What the task asks => Beginning with the line that contains "配線ダクト付き ポリッシュ脚/ホワイト天板【ラティオ】W2100×D1100- 東大阪店", retype the entries below exactly, ending with the line that contains "توییت احمد وحیدی". Leave out any pictures.

Data extracted from a collection =>
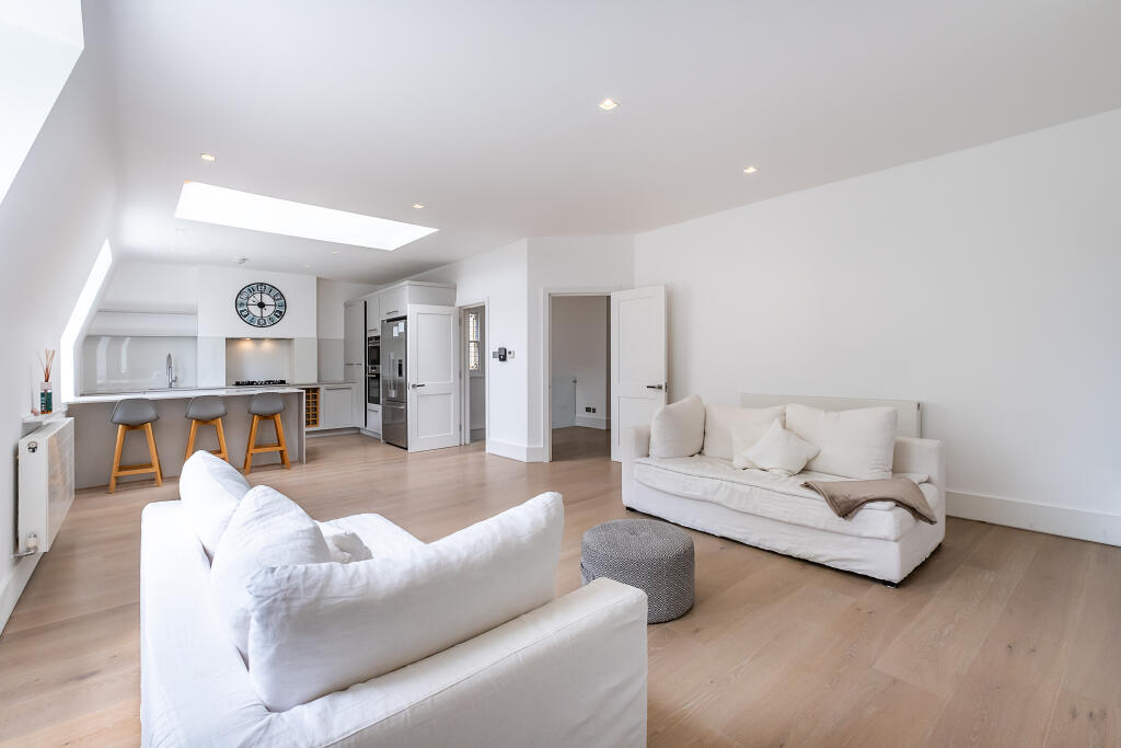 Situated in the heart of South Hampstead on one of the area’s most desirable tree-lined streets, this impressively large four-bedroom duplex apartment offers over 1,950 sq ft of beautifully presented living space, thoughtfully arranged over the upper floors of a well-maintained period conversion.
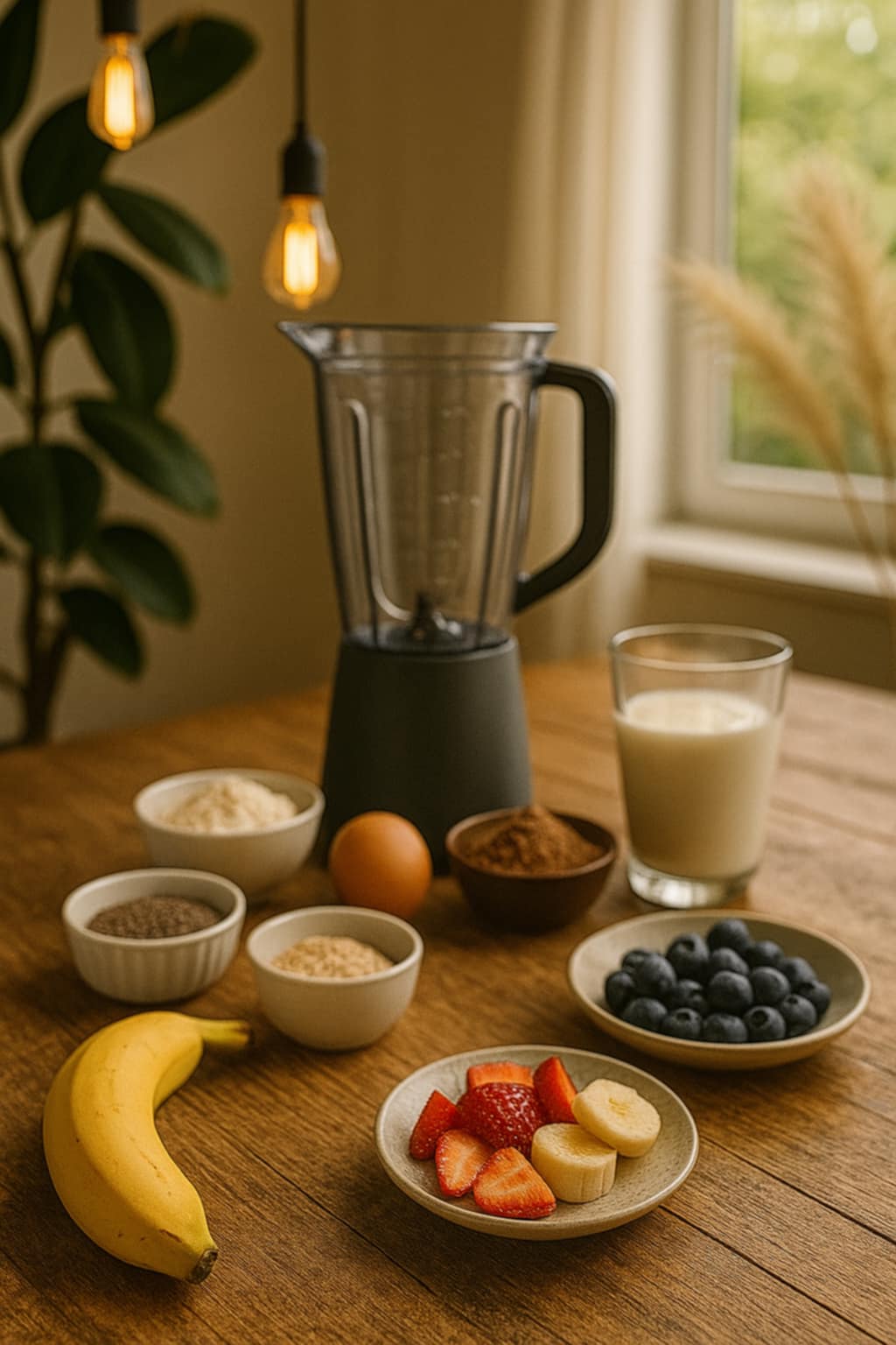 Într-un blender sau robot de bucătărie, adaugă oul, laptele, banana, făina, pudra proteică, semințele de chia, cacaoa și praful de copt.
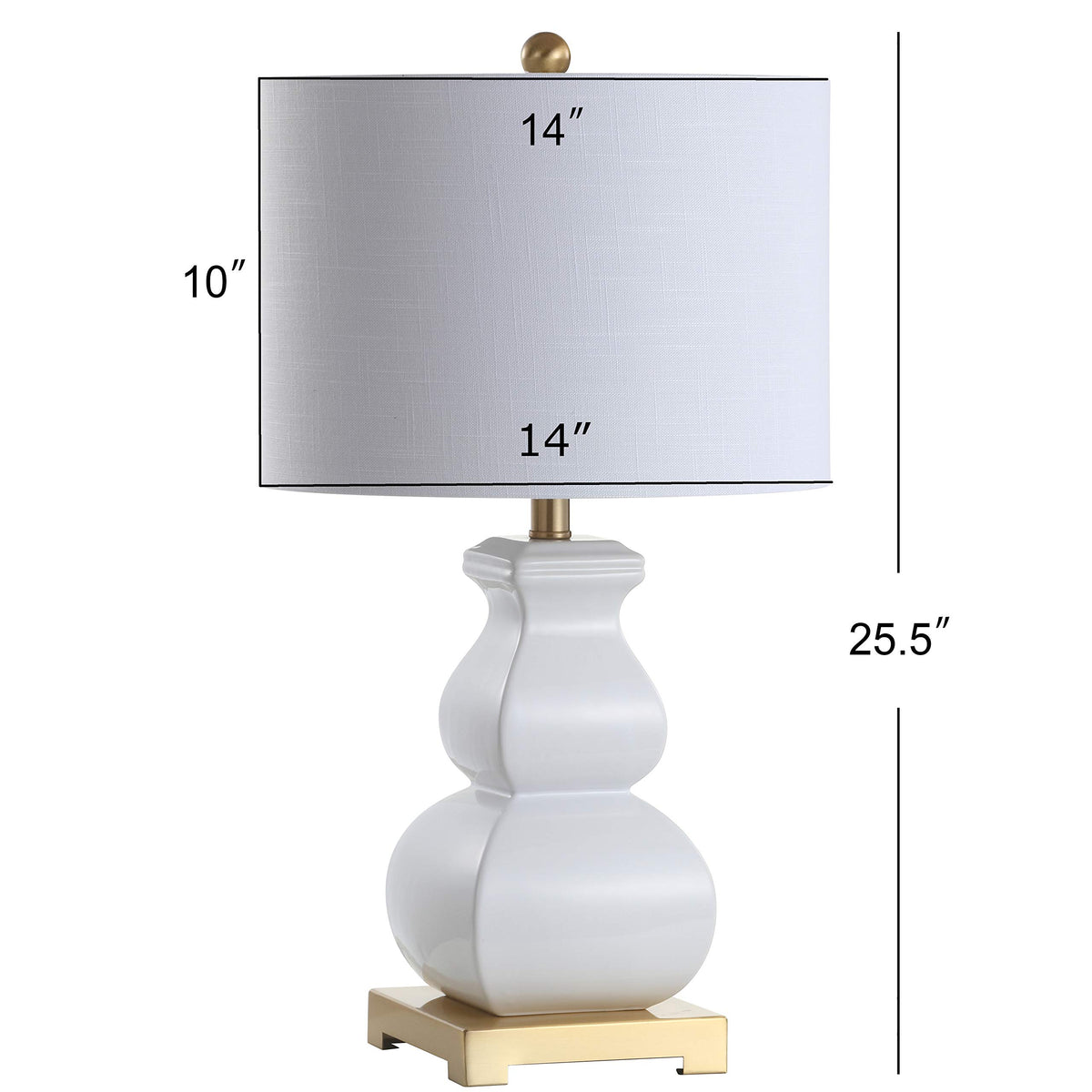 Q: What are the dimensions of the JONATHAN Y JYL3049B table lamp?A: The JONATHAN Y JYL3049B table lamp measures 25.5 inches in height, with a base length and width of 14.02 inches, making it a perfect size for bedside tables and desks.
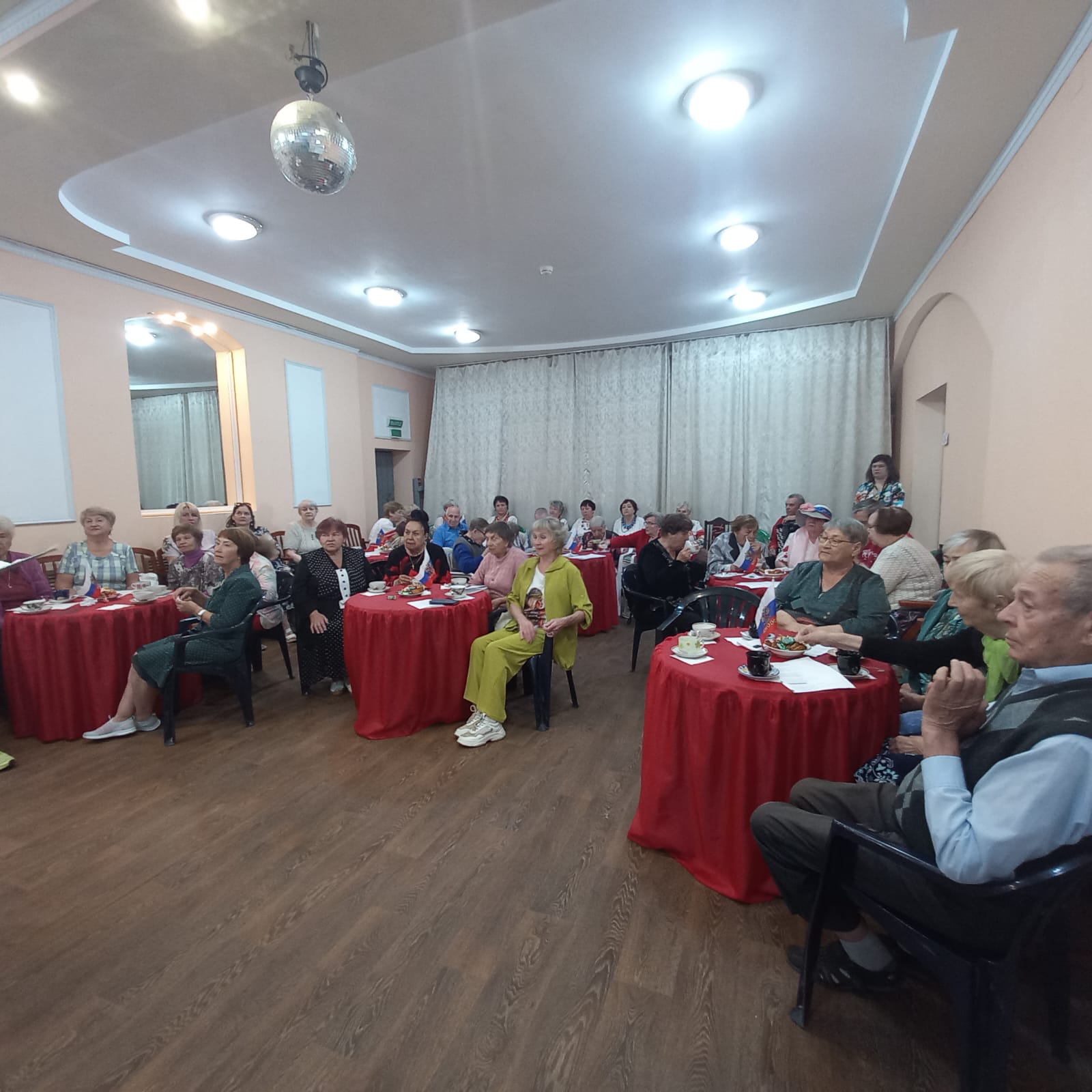 За чашкой чая участники, члены Общественной палаты, коллективы Дома культуры, члены районной общественной организации "Женсовет" и постояльцы Дмитровского соц.учреждения "Дом Доброты", пели песни о Родине, читали стихи о героях ВОВ, а также о героях СВО.
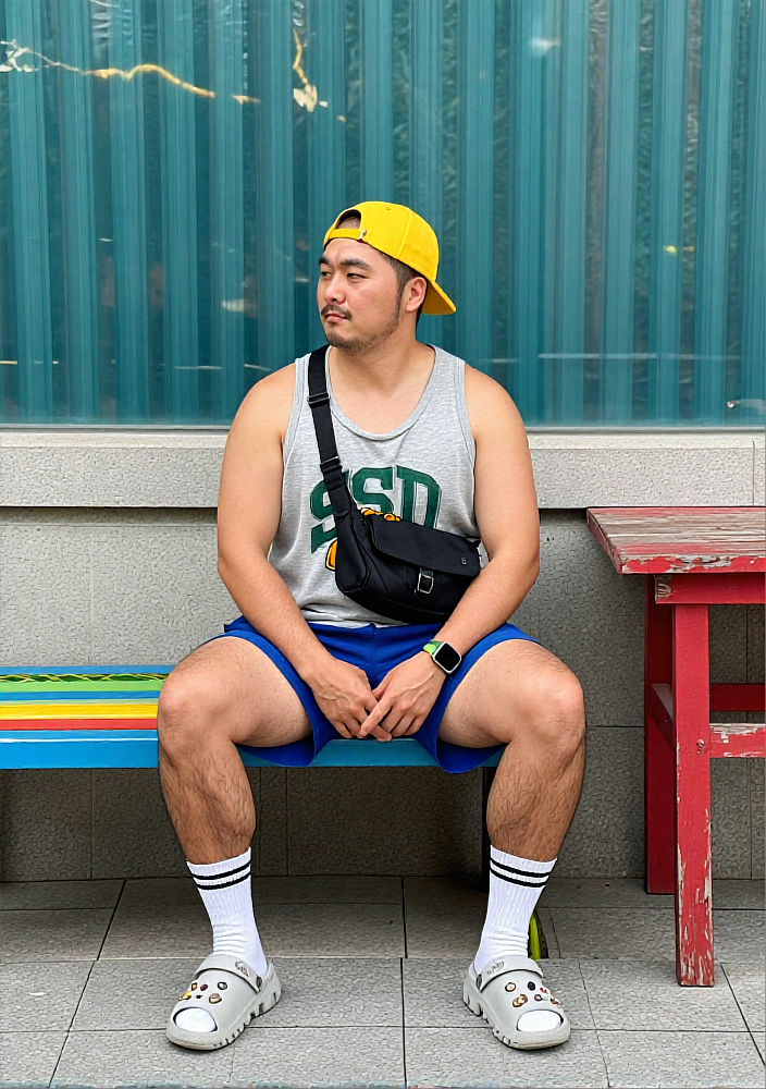ZitJohnpark, A man sits on a colorful woven bench with blue, green, yellow, and red stripes, legs apart, hands clasped over his lap. He wears a yellow baseball cap backward, a gray **** top with green block letters “SD” and a tiger graphic, blue shorts, white crew socks with black stripes, and light gray clog-style sandals adorned with small charms. A black crossbody bag with a flap and buckle rests against his torso, and a smartwatch with a green band is on his left wrist. Behind him, a concrete ledge supports a translucent blue-green corrugated panel reflecting blurred foliage. To his right, a weathered red-painted wooden table stands on the gray tiled ground. Natural daylight illuminates the scene evenly, casting soft shadows.
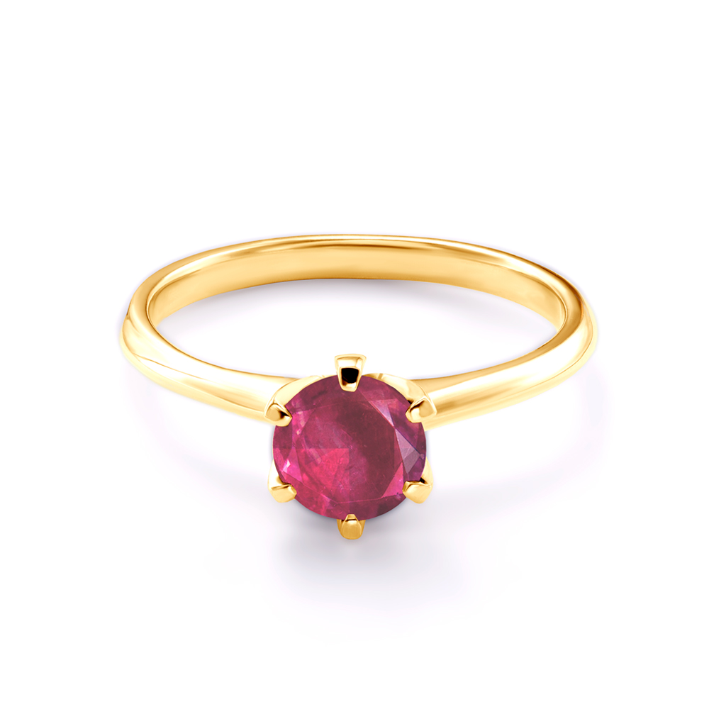 Pierścionek zaręczynowy z centralnie umieszczonym rubinem o masie 0,50 ct o szlifie brylantowym. Wykonany z 14-karatowego żółtego złota (próba 0,585).
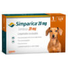 Simparica® es un antiparasitario externo de vía oral para el tratamiento y control de infestaciones por pulgas, garrapatas y sarna. Puede usarse como parte de una estrategia de tratamiento para el control de la Dermatitis por Pulgas (DAPP). Indicado para perros de 8 semanas o más. Duracion de 35 días. No usar en felinos.
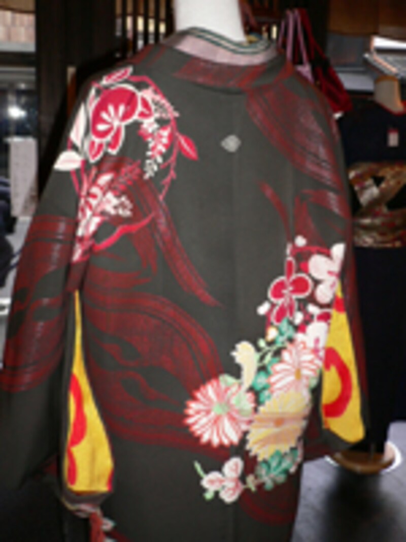 | 「今でこそ黒紋付の羽織を着る機会なんて殆どないと思いますが、昔はちょっとした御挨拶の時に、小紋の上から略礼装の意味合いを込めて黒紋付の羽織で出かけたりしたそうです」。袖口からチラリと見える長羽織の裏地がとってもお洒落!こうした裏地やちょっとした仕草で垣間見える部分にこだわるのも、着物の楽しさです。 |
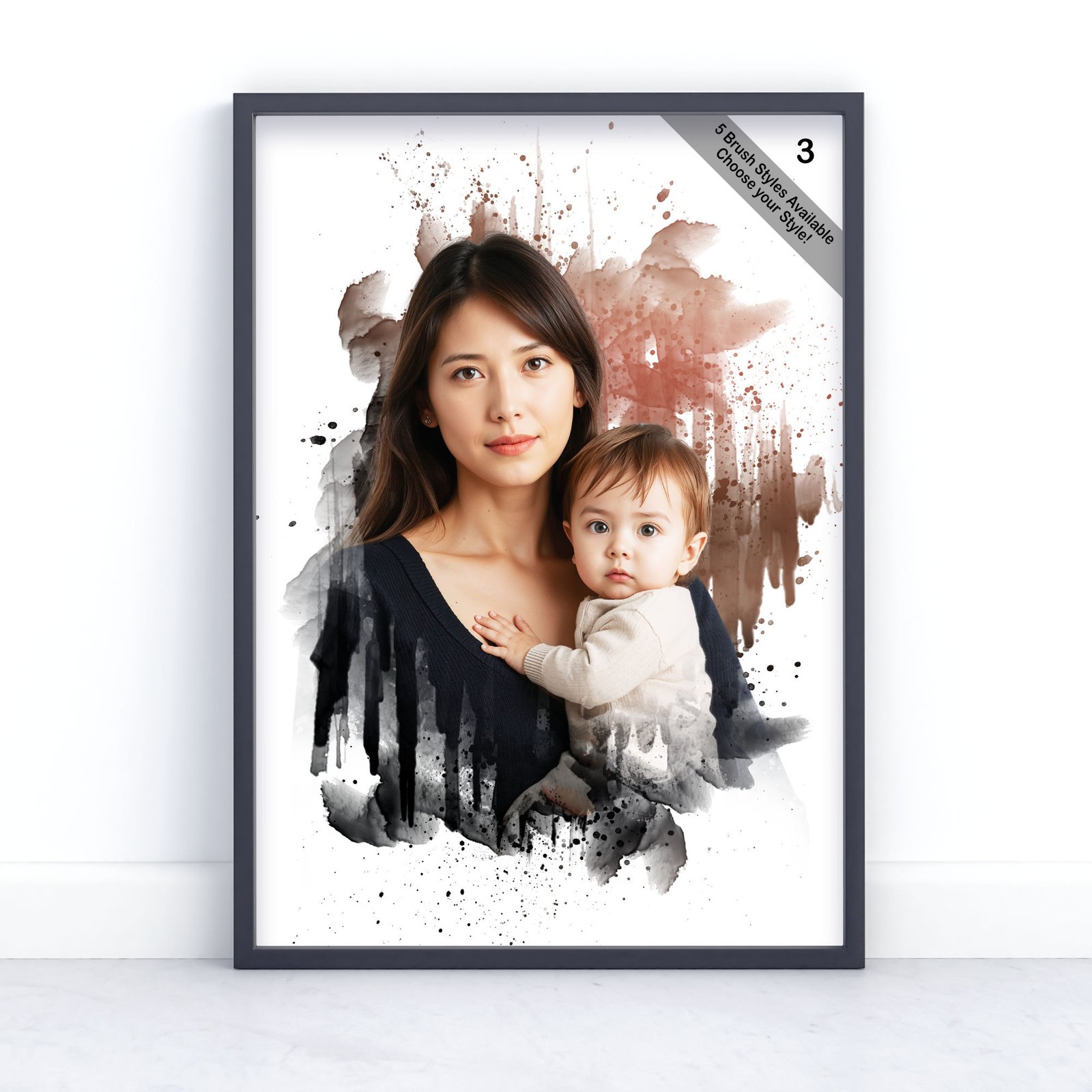 Each portrait is carefully created in a soft digital watercolour style, transforming your cherished memories into timeless wall art — perfect for gifts or your own home.
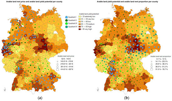 We have divided the XY diagrams of all three combinations of arable land rent price, rent proportion and yield potential into four quadrants in order to more easily discuss possible explanations to the empirical findings (Table 3) and connect them to the spatial visualization of all three variables at the end of the discussion (Figure 5).
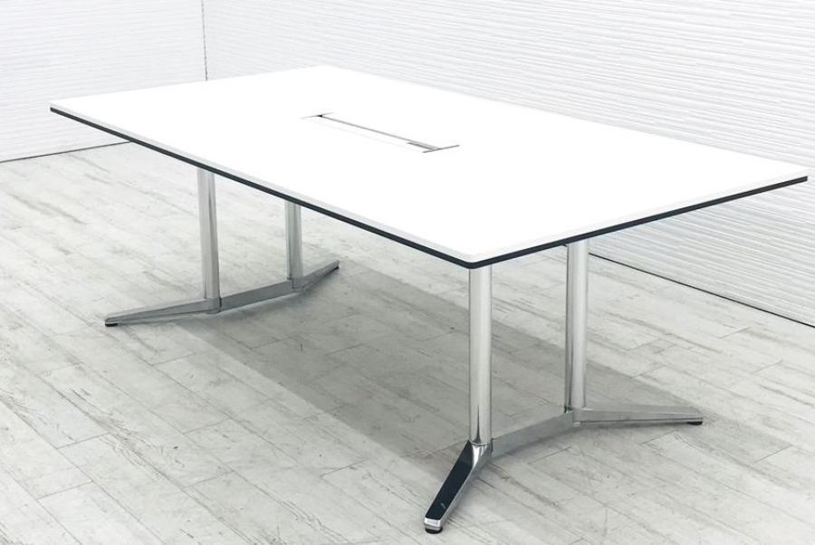 【1台限定】高級会議テーブル 配線ダクト付き ポリッシュ脚/ホワイト天板【ラティオ】W2100×D1100- 東大阪店
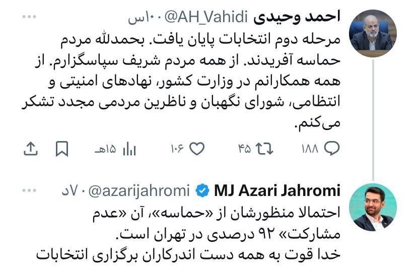 🔹واکنش آذری جهرمی به توییت احمد وحیدی
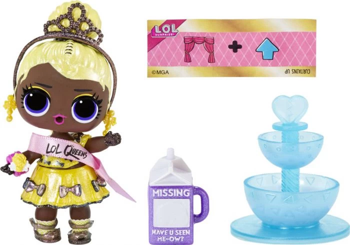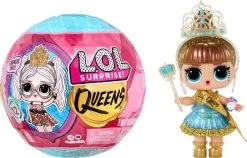 Het zijn B.B.’s die trots zijn op wie ze zijn en hun BFF’s altijd steunen. Deze koninginnen zijn dol op plezier maken en laten hun coole stijl zien op de catwalk, de dansvloer of op een galabal. Queens zijn ook hartsvriendinnen die elkaars kroontjes rechtzetten en altijd met een rechte rug op hun troon zitten. PAK 9 VERRASSINGEN UIT met de LOL Surprise Queens-poppen, inclusief mode en majestueuze accessoires! LOL Surprise Queens-poppen hebben elk hun eigen troon en een tiara die jij kunt dragen!
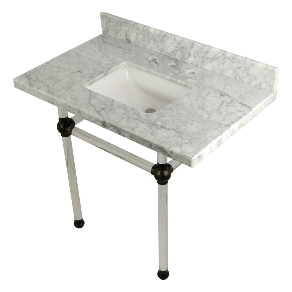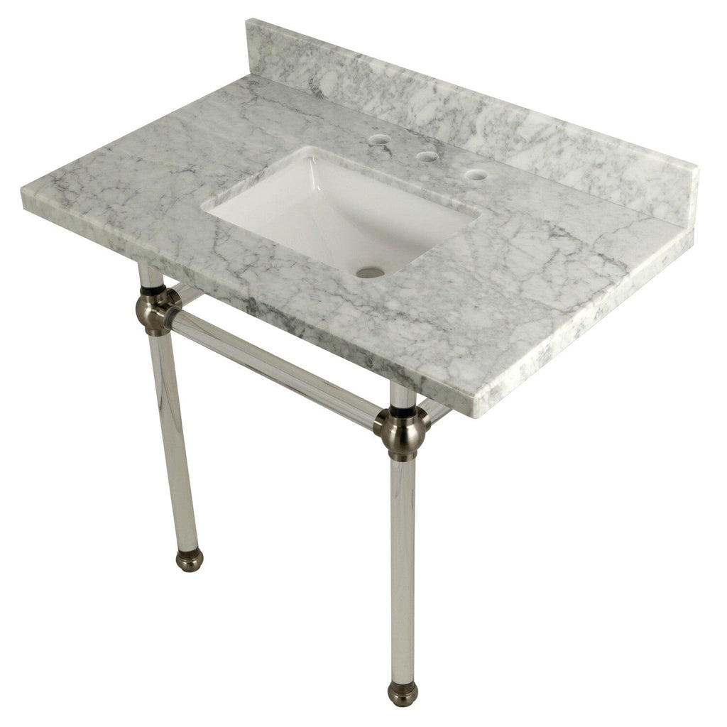 Templeton 36-Inch Carrara Marble Vanity Top with Acrylic Legs (8-Inch, 3-Hole)

Written reply =>
 【1台限定】高級会議テーブル 配線ダクト付き ポリッシュ脚/ホワイト天板【ラティオ】W2100×D1100- 東大阪店
 🔹واکنش آذری جهرمی به توییت احمد وحیدی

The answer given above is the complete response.